Of the 1664 predicted proteins, 1184 were clearly assigned to a functional classification with evidence and 202 were poorly functionally characterized using the Clusters of Orthologous Groups (COG) database (Fig. 3). Moreover, there were 105 proteins without any annotations in the COG database and 173 were not in the database. The numbers of genes identified through functional classification in the COG database for “information storage and processing”, “metabolism”, and “cellular processes and signaling” were 284, 546, and 426 respectively. Compared with H. cinaedi, H. hepaticus, H. bilis, and H. pylori, H. himalayensis has more genes for functions in the “cell wall/membrane/envelope biogenesis” and “coenzyme transport and metabolism” sub-branches, but fewer genes for functions in the “cell cycle control/ cell division/ chromosome partitioning”, “intracellular trafficking/ secretion/ vesicular transport”, “lipid transport and metabolism” and “carbohydrate transport and metabolism” sub-branches (Table 2). The circular genome atlas of H. himalayensis integrating different kinds of information is shown in Fig. 4, that including the protein-coding genes, tRNA and rRNA genes, GC content and GC skew information.

Fig. 3
figure 3

COG functional classification of genes belonging to H. himalayensis

Table 2 Proportion of genes in COG function clssification for helicobacters
Fig. 4
figure 4

Circular genome atlas of H. himalayensis

In addition, Forty-two genes were predicted to match virulence factors genes in the VFDB from Helicobacter genus, and 83.3% (35/42) of them were associated with flagella motility and bacterial invasion (See Supplementary Table 2, Additional File 2). Other virulence factors included cytolethal distending toxin (cdtA, cdtB, cdtC), lipopolysaccharide Lewis antigens (futA), neutrophil activating protein (napA), autoinducer-2 production protein (luxS), and catalase (katA). The H. himalayensis genome does not contain a urease and the Cag pathogenic island, like H. pylori. However, the genome contained other predicted virulence factors associated with migration, invasion, colonization, and carcinogenesis, which might be pathogenic to the host.

Discussion

In the present study, the whole genome sequence data of H. himalayensis, a new species of Helicobacter, were obtained. The H. himalayensis genome was compared with those of other Helicobacter species deposited in the NCBI database. The results of the comparative genomic analyses not only confirmed phylogenetic position of H. himalayensis in relation to other Helicobacter species, but also predicted its potential pathogenicity by matching the virulence factor genes in VFDB.
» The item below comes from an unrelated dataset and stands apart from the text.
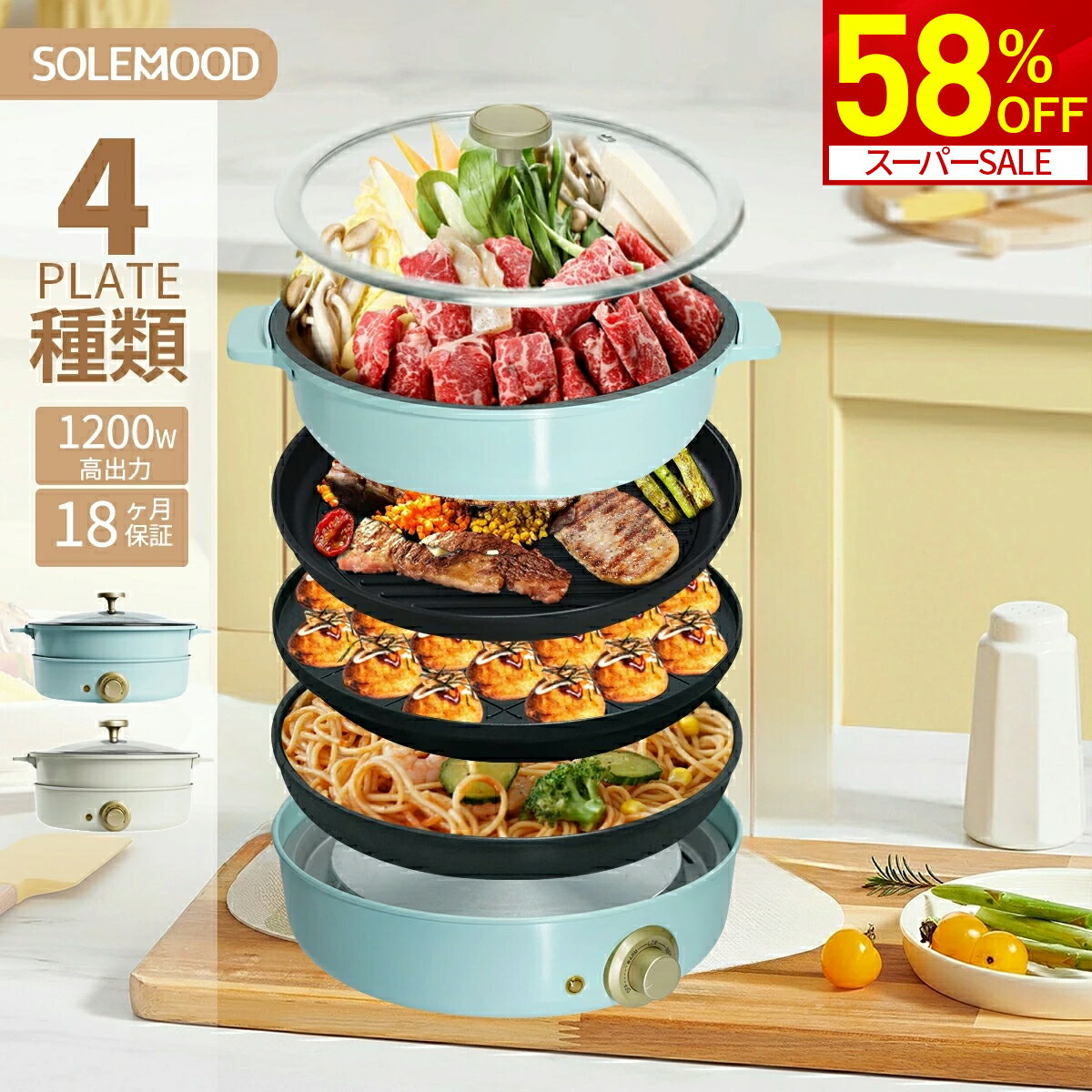【スーパーSALE限定★58%OFF!】 ホットプレート グリル鍋 ホットプレート 鍋 電気鍋 4人用 大型 4種プレート マルチ グリルポット たこ焼き器 たこ焼きプレート 煮る 焼く 蒸す 多機能 ひとり暮らし おしゃれ かわいい 可愛い 料理鍋 深型 SOLEMOOD 新生活

Several smaller stretches of anomalous GC content were identified using the GC mol% content analysis around the genome (Fig. 4). In pathogenic bacteria, this type of anomalous GC content is usually associated with genome islands [22]. For example, the H. pylori cag pathogenicity island is intimately associated with increased potential to cause more severe pathology, including cancer and gastric ulcers [23]. There were five fragments with anomalous GC content in the H. himalayensis genome, and the predicted genome island HhiG1 was covered by one of the five fragments, which suggested that HhiG1 might be related with the pathogenicity of H. himalayensis.

H. himalayensis is phylogenetically close to H. cinaedi and H. hepaticus, based on the whole genome sequence, which is consistent with the previously reported phylogenetic relationship based on the analysis of housekeeping gene analysis [24]. Moreover, the predicted genes of H. himalayensis had higher identity to those of H. cinaedi and H. hepaticus than to those of H. pylori, which confirmed the previous result of evolutionary analyses from another perspective. H. cinaedi was first isolated from a rectal swab from a homosexual men, while H. hepaticus was first isolated from the livers of mice. Both of them are unable to colonize the gastric mucosa, because they do not express a urease to overcome the acidic environment in the stomach. These helicobacters with the term “enterohepatic helicobacters (EHH)” colonize the intestinal mucosa or the liver, and are associated with chronic liver or intestinal inflammation [25]. Recently, many cases of EHH infection in humans were reported, mainly in immunocompromised patients [3]. H. himalayensis is closely related to H. cinaedi and H. hepaticus; therefore, H. himalayensis is predicted to have similar pathogenic effects.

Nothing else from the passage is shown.